▶ [WHAT YOU NEED TO DO]
What you return must match the listing below character for character, minus any pictures.

▶ [AVAILABLE DATA]
Start of Block
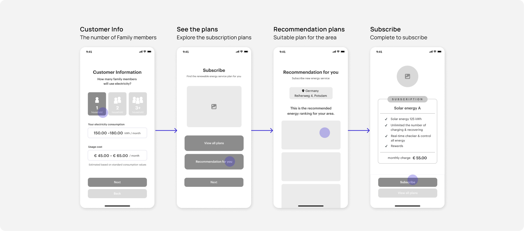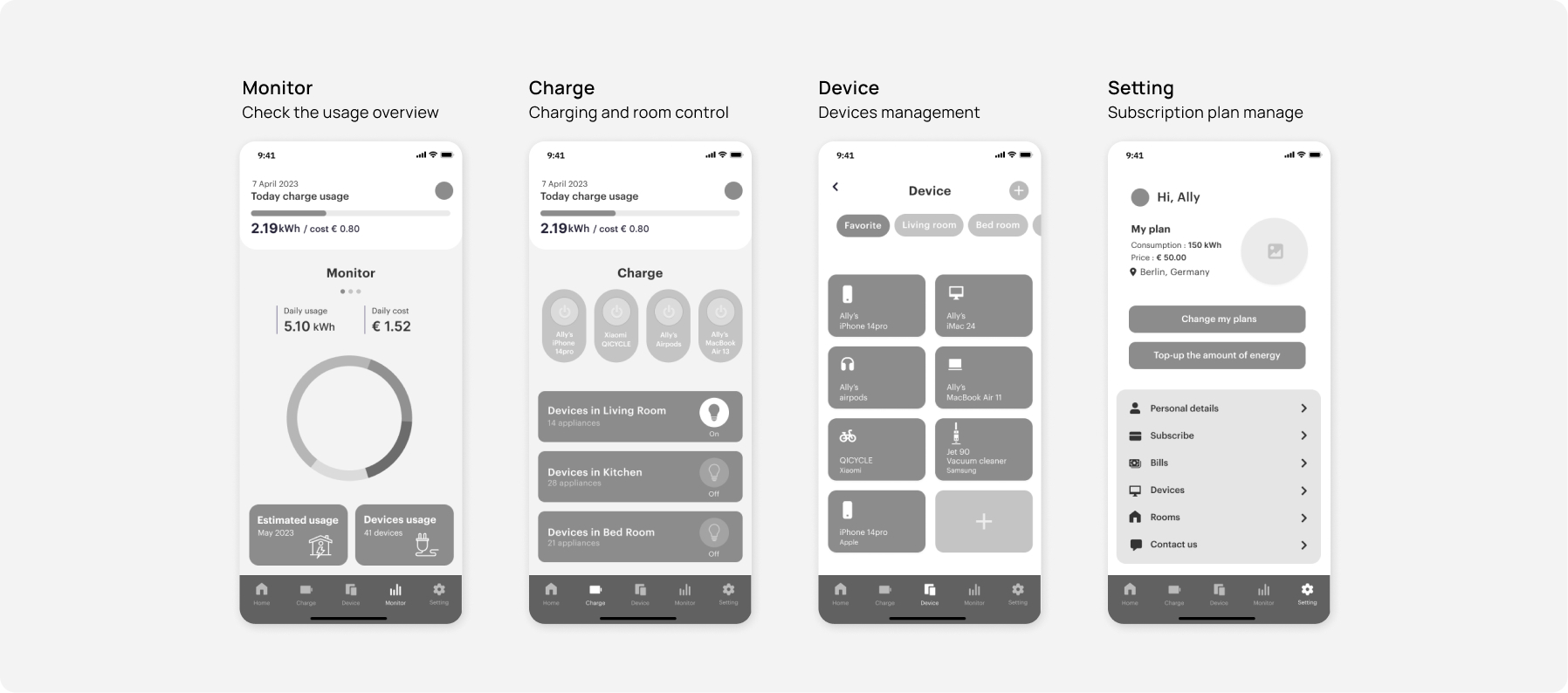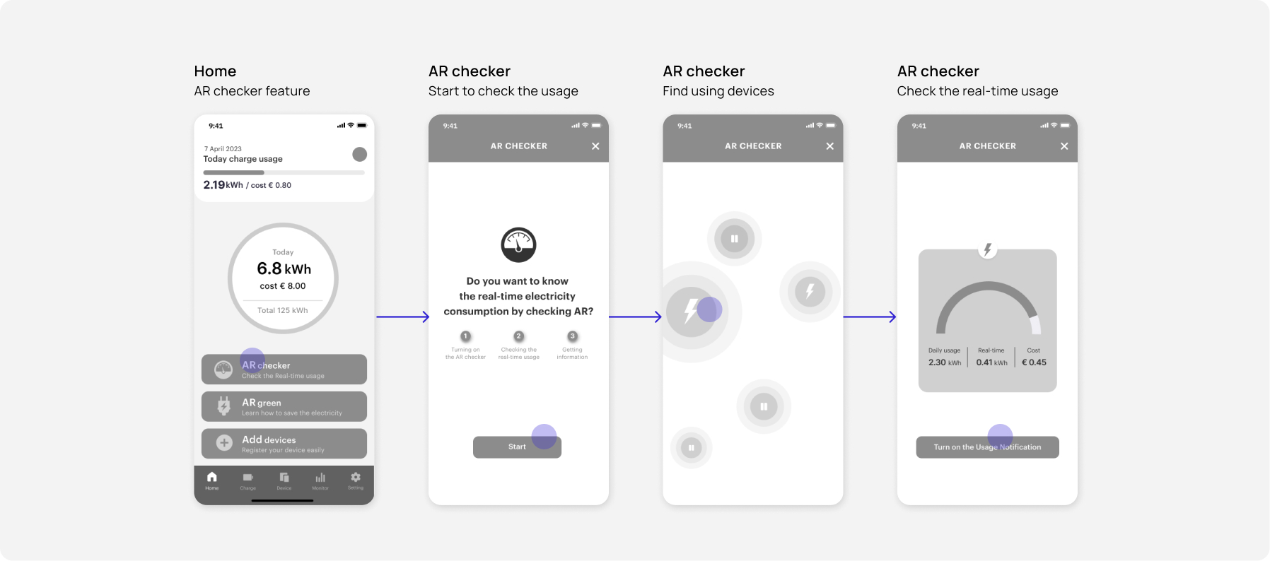 I started by creating mid-fidelity in Figma to create a user interface. I focused on the process of starting a subscription in onboarding and the main feature of checking real-time electricity consumption by AR.
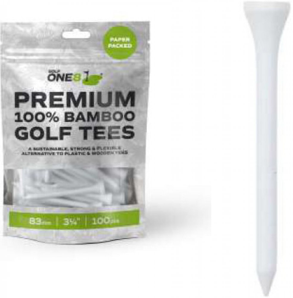 GOLF ONE8 Premium 100% Bamboo Golf Tees 83mm (3a1/4") - bílá 100ks
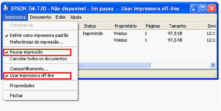 3.Realce o primeiro documento da lista e clique em Impressora. Se Pausar impressão ou Usar impressora off-line estiverem marcadas, clique para remover a marca de seleção.
End of Block
▶ [RESULT BELOW]
 I started by creating mid-fidelity in Figma to create a user interface. I focused on the process of starting a subscription in onboarding and the main feature of checking real-time electricity consumption by AR.
 GOLF ONE8 Premium 100% Bamboo Golf Tees 83mm (3a1/4") - bílá 100ks
 3.Realce o primeiro documento da lista e clique em Impressora. Se Pausar impressão ou Usar impressora off-line estiverem marcadas, clique para remover a marca de seleção.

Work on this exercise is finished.